What needs to be done:
Nothing outside the stretch is wanted. Repeat exactly the lines of the listing below from the one that contains "Founder of Welisane" through the one that contains "Symptoms to watch", both ends included.

--- Given entries Enclosed Below ---

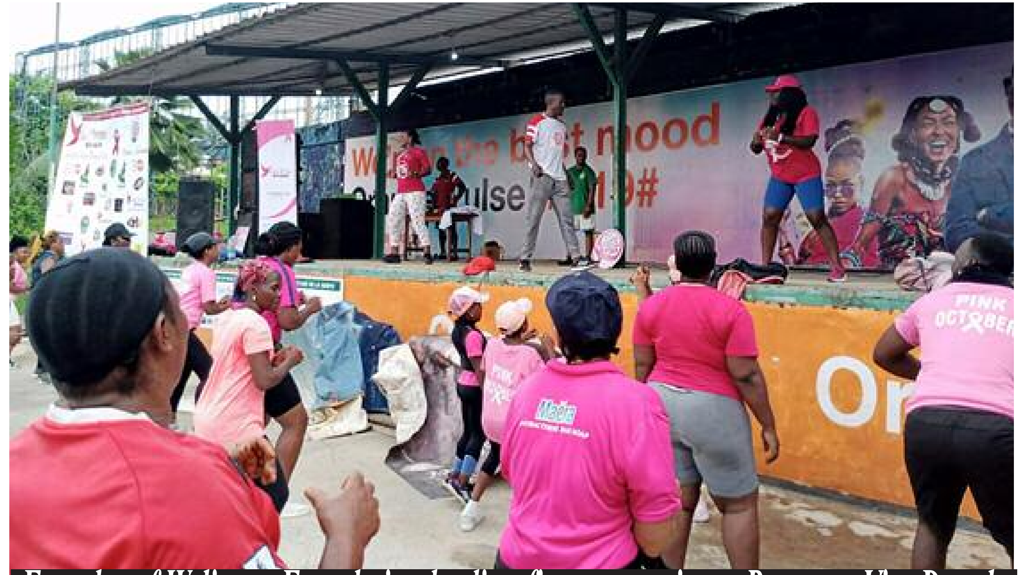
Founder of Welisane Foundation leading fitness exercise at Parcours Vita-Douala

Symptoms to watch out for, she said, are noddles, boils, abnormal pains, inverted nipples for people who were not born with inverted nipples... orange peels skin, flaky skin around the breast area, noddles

--- End of Enclosed Given entries ---
--- Given entries Enclosed Below ---

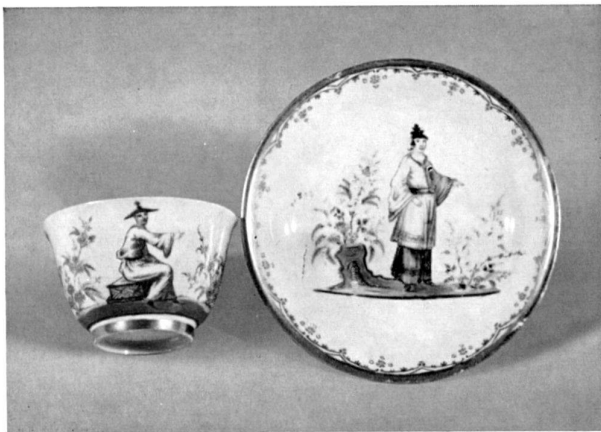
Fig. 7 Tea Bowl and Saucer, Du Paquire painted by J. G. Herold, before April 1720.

--- End of Enclosed Given entries ---

Answer to this exercise:
Founder of Welisane Foundation leading fitness exercise at Parcours Vita-Douala

Symptoms to watch out for, she said, are noddles, boils, abnormal pains, inverted nipples for people who were not born with inverted nipples... orange peels skin, flaky skin around the breast area, noddles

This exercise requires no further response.